The Gram–Charlier and Edgeworth series were introduced into crystallography by Bertaut (1955a[link],b[link],c[link], 1956a[link]) and by Klug (1958)[link], respectively, who showed them to constitute the mathematical basis of numerous formulae derived by Hauptman & Karle (1953)[link]. The saddlepoint approximation was introduced by Bricogne (1984)[link] and was shown to be related to variational methods involving the maximization of certain entropy criteria. This connection exhibits most of the properties of the Fourier transform at play simultaneously, and will now be described as a final illustration.

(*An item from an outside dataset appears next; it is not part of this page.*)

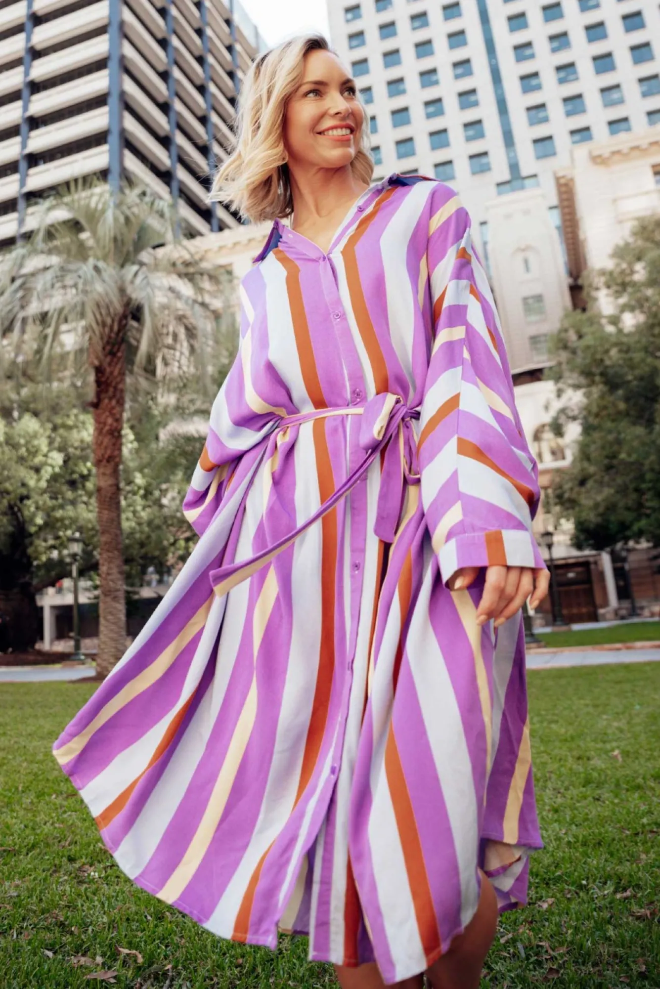 Fit: Relaxed Fit. Refer To Size & Fit Tab Below For Specific Size RecommendationNNfabric: 100% RayonNsilky Smooth, Non-Stretch Rayon With A Billowy Drape And Lightweight FeelNcollared Neckline Complemented By A Button Front In A True Shirt Dress StyleNfull-Length Sleeve Featuring A Dramatic Drop Shoulder For A Relaxed FitNNeffortless Drape SilhouetteNoptional Matching 185Cm Waist Tie To Create ShapeNNtwo Functional Hip Pockets NNstraight Hem Falls Just Below The KneeNNcare: Cool Gentle Machine Wash RecommendedNNNcolour: Wonderful Summer Stripe Print With Purple, Blue, Orange And Yellow

  • (a) Definitions and conventions

    Let H be a set of unique non-origin reflections h for a crystal with lattice Λ and space group G. Let H contain [n_{a}] acentric and [n_{c}] centric reflections. Structure-factor values attached to all reflections in H will comprise [n = 2n_{a} + n_{c}] real numbers. For h acentric, [\alpha_{{\bf h}}] and [\beta_{{\bf h}}] will be the real and imaginary parts of the complex structure factor; for h centric, [\gamma_{{\bf h}}] will be the real coordinate of the (possibly complex) structure factor measured along a real axis rotated by one of the two angles [\theta_{{\bf h}}], π apart, to which the phase is restricted modulo [2\pi] (Section 1.3.4.2.2.5[link]). These n real coordinates will be arranged as a column vector containing the acentric then the centric data, i.e. in the order [\alpha_{1}, \beta_{1}, \alpha_{2}, \beta_{2}, \ldots, \alpha_{n_{a}}, \beta_{n_{a}}, \gamma_{1}, \gamma_{2}, \ldots, \gamma_{n_{c}}.]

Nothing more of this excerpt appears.